Irlande du Nord: l’unioniste Arlene Foster désignée première ministre

La cheffe du parti unioniste DUP, Arlene Foster
Photo: Paul Faith Agence France-Presse La cheffe du parti unioniste DUP, Arlene Foster

L’Irlande du Nord s’est dotée d’institutions politiques en ordre de marche samedi, avec la reprise des travaux de l’Assemblée et la désignation d’un gouvernement, après trois ans de paralysie politique dans cette province britannique en première ligne du Brexit.

Au lendemain d’un accord conclu entre unionistes et républicains en vue de rétablir une gouvernance partagée, l’unioniste Arlene Foster a été désignée Première ministre tandis que la républicaine du Sinn Fein Michelle O’Neill a été nommée vice-Première ministre.

« Ces trois dernières années ont été dominées par trop de divisions et de récriminations », a déclaré Mme Foster, qui se trouvait déjà à la tête du gouvernement local lorsque celui-ci avait été emporté en 2017 par un scandale politico-financier.

« Le vrai travail commence aujourd’hui », a-t-elle poursuivi devant les membres de l’Assemblée. « Les leçons ont été apprises. Il est temps de permettre à l’Irlande d’aller de l’avant. »

Sa codirigeante Michelle O’Neill a salué « un moment majeur » pour la politique nord-irlandaise.

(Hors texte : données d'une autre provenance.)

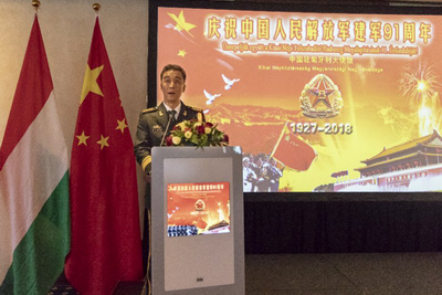 2018年7月18日,驻匈牙利使馆武官孔新民大校在布达佩斯万豪酒店举行招待会,隆重庆祝中国人民解放军建军91周年。匈国防部国防国务秘书萨博先生以及国防军总参谋部、军事安全总局,内务部、国家警察总局、反恐中心等强力部门高官及政治、经济、文化、教育、科技界官员和友好人士,各国驻匈使节及武官团,旅匈华侨、华人、驻匈中资机构和留学生代表等300余人应邀参加。驻匈牙利大使段洁龙率使馆全体外交官出席。

Le DUP et le Sinn Fein, principaux partis nord-irlandais, ont validé in extremis vendredi le projet d’accord soutenu par les gouvernements britannique et de la République d’Irlande, visant à rétablir les institutions politiques de la province.

Ces formations doivent se partager la gouvernance en vertu de l’accord de paix du Vendredi saint de 1998, qui a mis un terme aux « Troubles » entre républicains (majoritairement catholiques) et unionistes (surtout protestants). Ces violences ont fait près de 3500 morts en 30 ans.

Après l’échec de plusieurs séries de négociations depuis la chute du gouvernement en 2017, de nouvelles discussions avaient repris mi-décembre, après la victoire des conservateurs de Boris Johnson aux législatives.

L’enjeu était d’autant plus crucial que l’assemblée locale est censée avoir son mot à dire dans les dispositions douanières controversées visant à éviter le retour d’une frontière physique avec la République d’Irlande (membre de l’Union européenne) après la sortie du Royaume-Uni de l’UE le 31 janvier.

« Alors que nous sommes confrontés aux grandes incertitudes du Brexit, il est essentiel de redoubler d’efforts pour développer et reconstruire une économie moderne, compétitive et durable », a estimé Michelle O’Neill.

Meilleurs services publics

Après le feu vert du Sinn Fein à l’accord vendredi, la cheffe de ce parti, Mary Lou McDonald, avait salué « un jour historique » en évoquant notamment la reconnaissance officielle de la langue irlandaise.

Arlene Foster, dont le parti a perdu du terrain aux élections législatives britanniques de décembre, a elle qualifié le compromis de « juste et équilibré ».

Les sociaux-démocrates du SDLP ont fait part de leur intention de participer au partage du pouvoir.

L’accord prévoit aussi d’accélérer le fonctionnement de la justice, de mettre en place de mécanismes pour lutter contre la corruption, de réduire les listes d’attente à l’hôpital ou encore d’accroître la présence policière dans les rues.

Le gouvernement britannique a aussi promis des investissements pour les services publics de la région, la plus défavorisée économiquement du Royaume-Uni, conditionnés au rétablissement des institutions locales. Le montant de l’enveloppe n’a pas été communiqué.

« En 2021, l’Irlande du Nord fêtera son centenaire. Nous voulons le faire avec des rues plus sûres, de meilleures écoles et un service de santé de premier rang », a déclaré Arlene Foster.

Faute de consensus d’ici lundi, Londres avait prévu de convoquer des élections locales.

Ces ultimes discussions avaient pour cadre un paysage politique en mouvement sous l’effet du Brexit, contre lequel ont voté la majorité de la province britannique frontalière de la République d’Irlande.

Aux législatives britanniques de décembre, la province a élu pour la toute première fois à Westminster plus de députés républicains (9, dont 7 pour le Sinn Fein et 2 pour le SDLP), partisans d’une réunification avec l’Irlande, que d’unionistes du DUP, favorables à un maintien dans la Couronne britannique.